Es war Meinecke nicht unbedingt in die Wiege gelegt worden, eine akademische Laufbahn
einzuschlagen. Fernab der modernen Welt wurde er am 30. Oktober 1862 im beschaulichen
Salzwedel, einer 8.000 Einwohner zählenden Kleinstadt in der bis heute rückständigen, unverändert
von der Landwirtschaft geprägten Altmark (= nördliches Sachsen-Anhalt) geboren. Als
jüngstes Kind einer seit Generationen mit Land und Leuten vertrauten, entsprechend traditions-
bewussten und vor allem streng religiösen Postbeamtenfamilie wuchs er in ebenso behüteter
wie beengter Biedermeier-Atmosphäre auf. Das Familienleben wurde von der alles durchdringenden
und regelnden Frömmigkeit des Vaters bestimmt, der mit ganzer Seele in den norddeutschen
Pietismus hineingewachsen war (Abb. I).5 Diese Welt der Sicherheit geriet 1871 mit einem
Schlage verloren, als die Familie aufgrund einer Strafversetzung des Vaters6 im Berliner Arbeiterviertel
Friedrichshain ansässig werden musste. Der scharfe Kontrast zwischen der in Salzwedel
erlebten sozialen Harmonie und dem von Klassengegensätzen bestimmten Lebensalltag im
tristen Nordosten Berlins ließ schon beim jungen Meinecke ein besonderes soziales Gerechtigkeitsgefühl
entstehen. Das Erlebnis sozialer Deklassierung sowie die nicht enden wollenden
Bekehrungsversuche seines von glühendem Glaubenseifer erfüllten Vaters prägten Meineckes
Jugend.
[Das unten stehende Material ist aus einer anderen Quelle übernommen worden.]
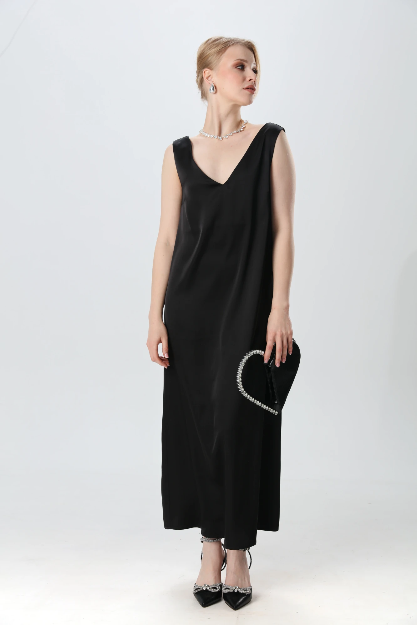 Платье прямого силуэта, с небольшим расширением к низу, длиной макси. Перед с нагрудной вытачкой из бокового шва. Вырез горловины переда и спинки имеют V-образную форму.

Die ständige religiöse Unterweisung und Kontrolle, die der um das Seelenheil seines
einzigen Sohnes ehrlich besorgte Vater praktizierte, empfand der sensible Junge ebenso als unerträglich
wie den Leistungsdruck auf dem Gymnasium, wo er vom Direktor nach zweimaligem
Sitzenbleiben den bitteren Rat erhielt, Subalternbeamter zu werden.7 Die schweren seelischen
Konflikte, die Meinecke bei der Identitätsfindung durchzustehen hatte, manifestierten sich bei
ihm in einem Stotterleiden, das während der Pubertät plötzlich auftrat und trotz zahlreicher
Therapieversuche nie wieder verschwand.

Abb. 1

Friedrich Meinecke (Mitte) zusammen mit
seinen Eltern, Aufnahme um 1870 (Familienarchiv
Meinecke).

Ebd., S. 7. Ausführlich zur Ausbildung von Charakter und Weltanschauung meine Untersuchung: Friedrich
Meinecke. Persönlichkeit und politisches Denken bis zum Ende des Ersten Weltkrieges, Berlin 1995.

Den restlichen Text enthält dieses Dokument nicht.